» **Exercise instructions**: When you reach the line in the data below that contains "XY Sanjak, Ottoman", please start repeating lines exactly, and stop after the line that contains "Lakes Bakhtegan and", repeating nothing else.

» **Listed entries**:

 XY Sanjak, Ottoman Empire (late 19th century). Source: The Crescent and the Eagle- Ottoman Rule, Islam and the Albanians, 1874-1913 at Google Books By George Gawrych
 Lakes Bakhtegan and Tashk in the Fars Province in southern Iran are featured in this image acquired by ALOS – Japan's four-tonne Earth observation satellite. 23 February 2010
...
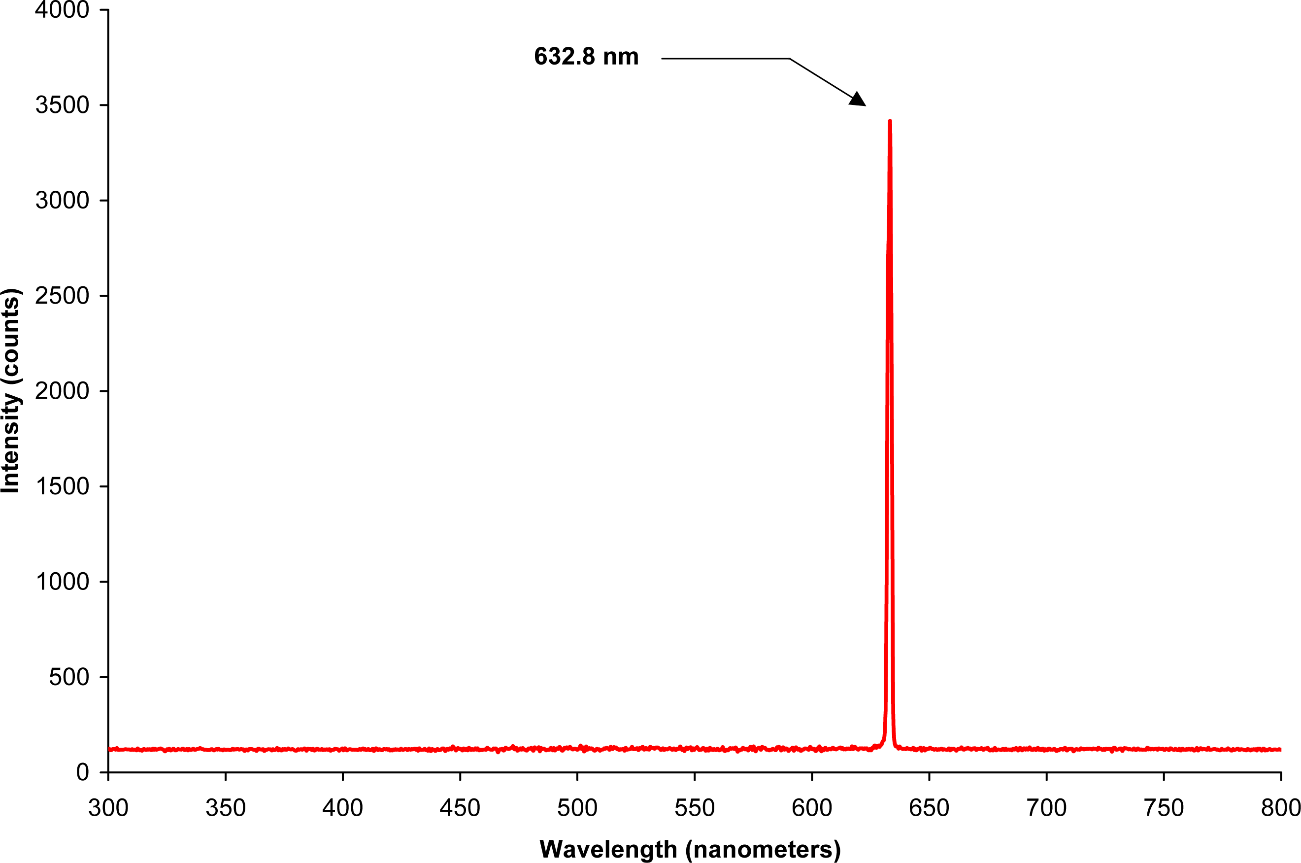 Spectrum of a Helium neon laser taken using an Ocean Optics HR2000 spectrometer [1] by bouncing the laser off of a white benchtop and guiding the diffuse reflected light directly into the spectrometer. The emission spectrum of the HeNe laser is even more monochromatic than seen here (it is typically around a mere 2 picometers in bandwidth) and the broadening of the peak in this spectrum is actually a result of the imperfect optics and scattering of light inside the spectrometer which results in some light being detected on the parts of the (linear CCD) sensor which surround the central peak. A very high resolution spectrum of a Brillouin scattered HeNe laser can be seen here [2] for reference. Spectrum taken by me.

» **Answer space**:
 XY Sanjak, Ottoman Empire (late 19th century). Source: The Crescent and the Eagle- Ottoman Rule, Islam and the Albanians, 1874-1913 at Google Books By George Gawrych
 Lakes Bakhtegan and Tashk in the Fars Province in southern Iran are featured in this image acquired by ALOS – Japan's four-tonne Earth observation satellite. 23 February 2010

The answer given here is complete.